**Directions**
The result should be the lines from the one that contains "This is a beautiful" to the final line of the entries below, copied exactly and with no pictures.

Stored data:
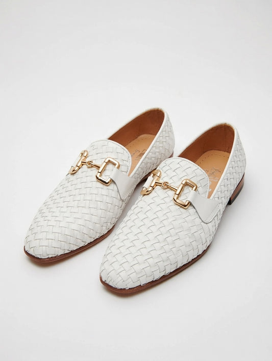 AS Tango 'Men’s White Woven Leather Loafers
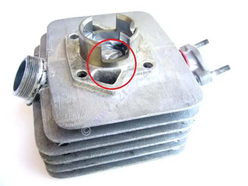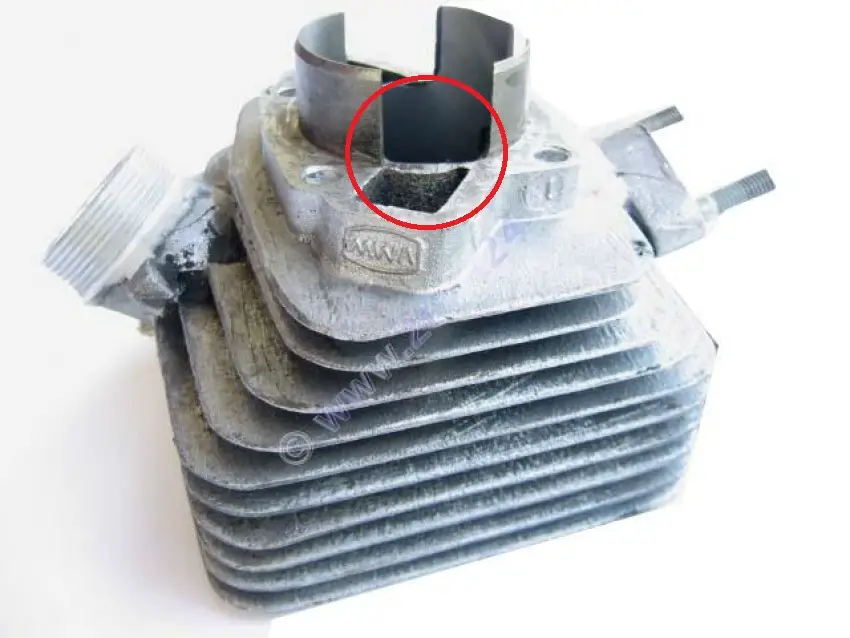 Warum wurde aber beispielsweise beim S50-Zylinder die Kante entfernt und beim S51-Zylinder nicht? Gilt dies als bedachte Drosselung? Denn wenn man die Kante auf folgendem Bild so bearbeiten würde, dann würe doch bei gleicher Überströmsteuerzeit dennoch mehr Gemisch in den Brennraum gelangen oder nicht?
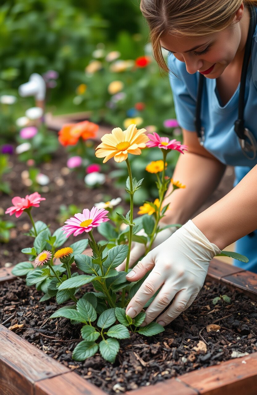 Choose plants that are easy to maintain and bloom beautifully. Personalize it by labeling plants after nurses or adding decorative stones with messages. It’s a low-cost activity with lasting benefits.
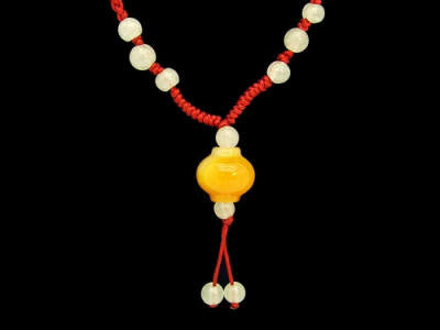 This is a beautiful necklace, featuring a jade pendant carved into the shape of a Chinese Lantern.
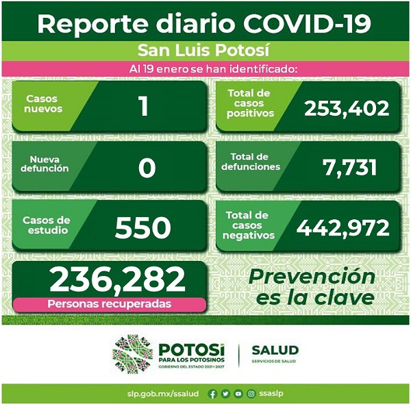El nuevo caso se detectó en la Jurisdicción Sanitaria I, en la capital; en las jurisdicciones sanitarias, II de Matehuala, III de Villa de Pozos, IV de Rioverde, V de Ciudad Valles, VI de Tamazunchale y VII de Tancanhuitz no se presentaron casos nuevos ni en personas residentes de otra entidad.
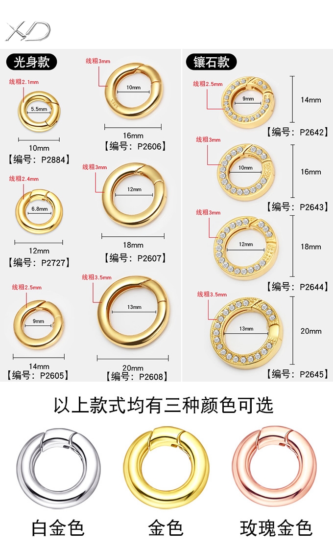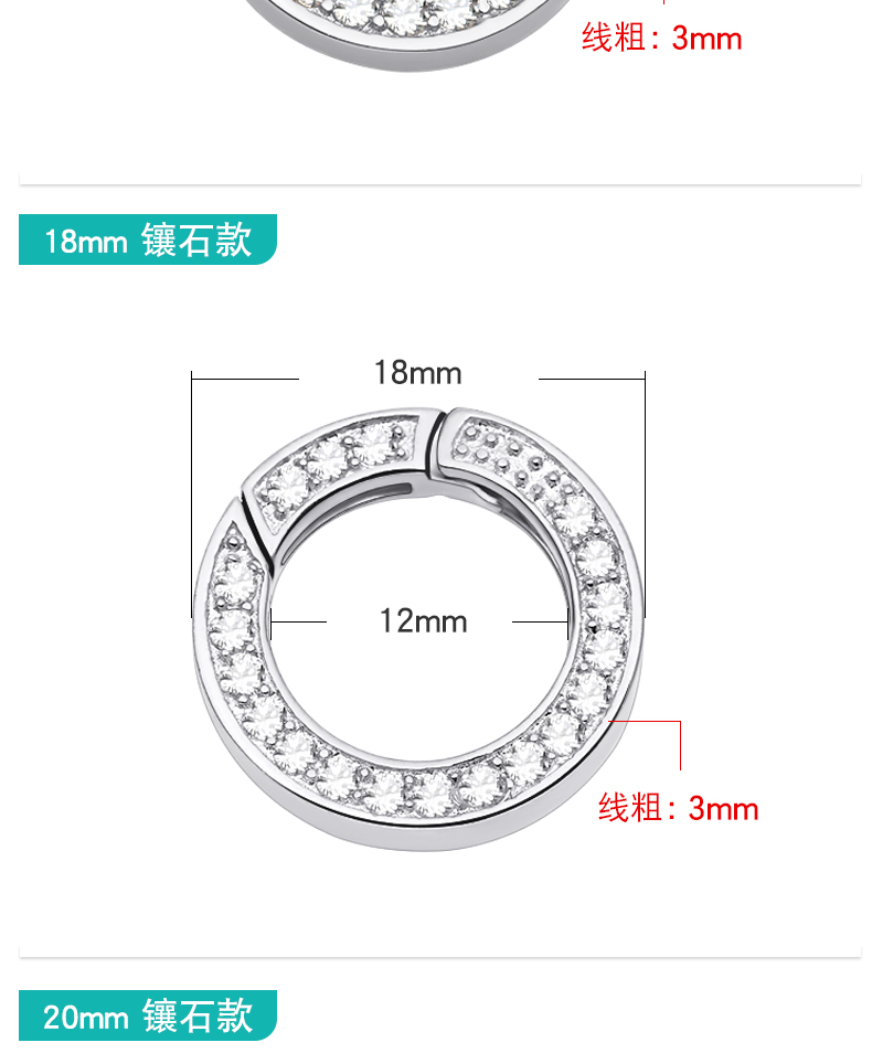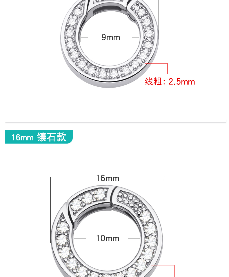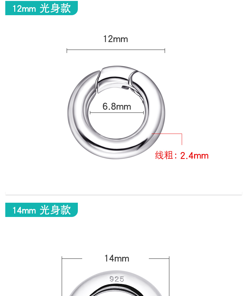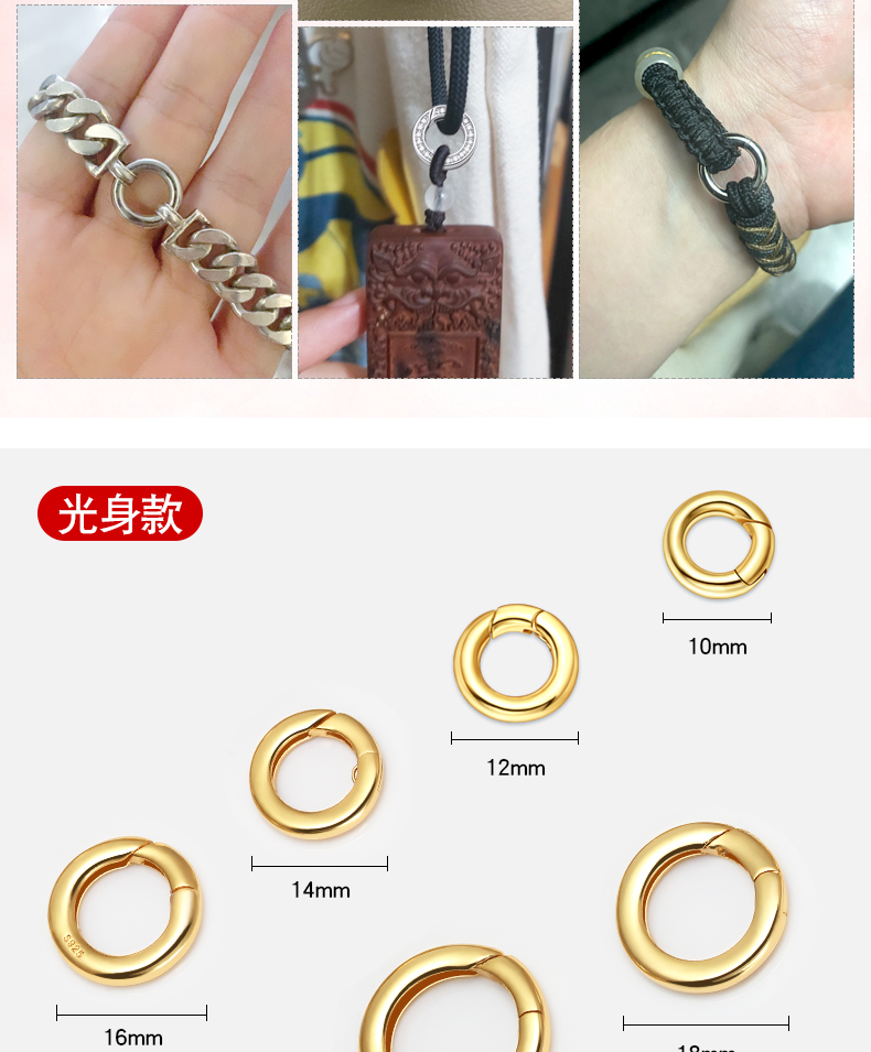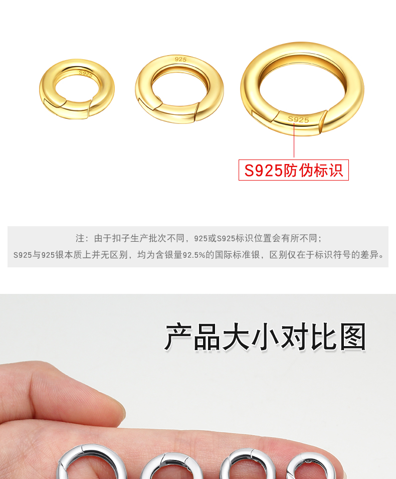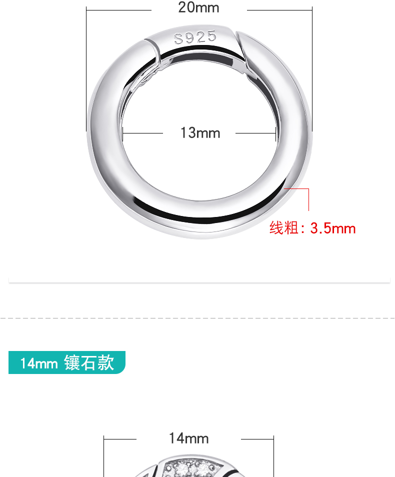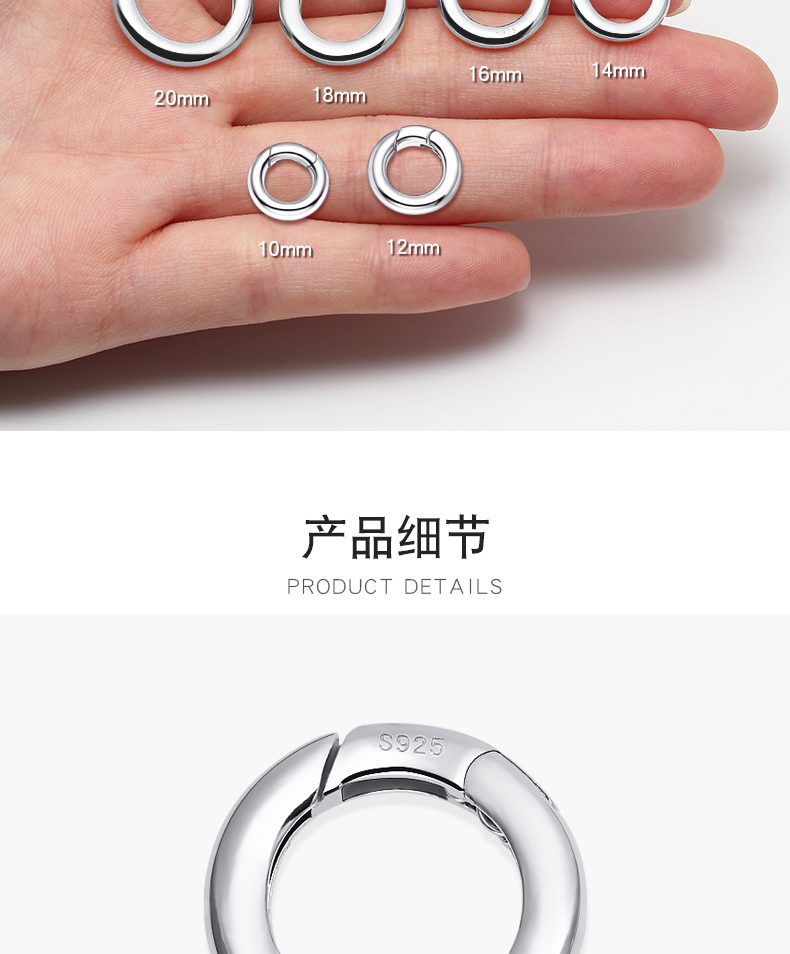 s925银开口圈连接环活口环diy配件手链项链diy配件挂扣银环银圈 P2642 P2543 P2644 P2645 P2727 P2884

**Response**
 This is a beautiful necklace, featuring a jade pendant carved into the shape of a Chinese Lantern.
El nuevo caso se detectó en la Jurisdicción Sanitaria I, en la capital; en las jurisdicciones sanitarias, II de Matehuala, III de Villa de Pozos, IV de Rioverde, V de Ciudad Valles, VI de Tamazunchale y VII de Tancanhuitz no se presentaron casos nuevos ni en personas residentes de otra entidad.
 s925银开口圈连接环活口环diy配件手链项链diy配件挂扣银环银圈 P2642 P2543 P2644 P2645 P2727 P2884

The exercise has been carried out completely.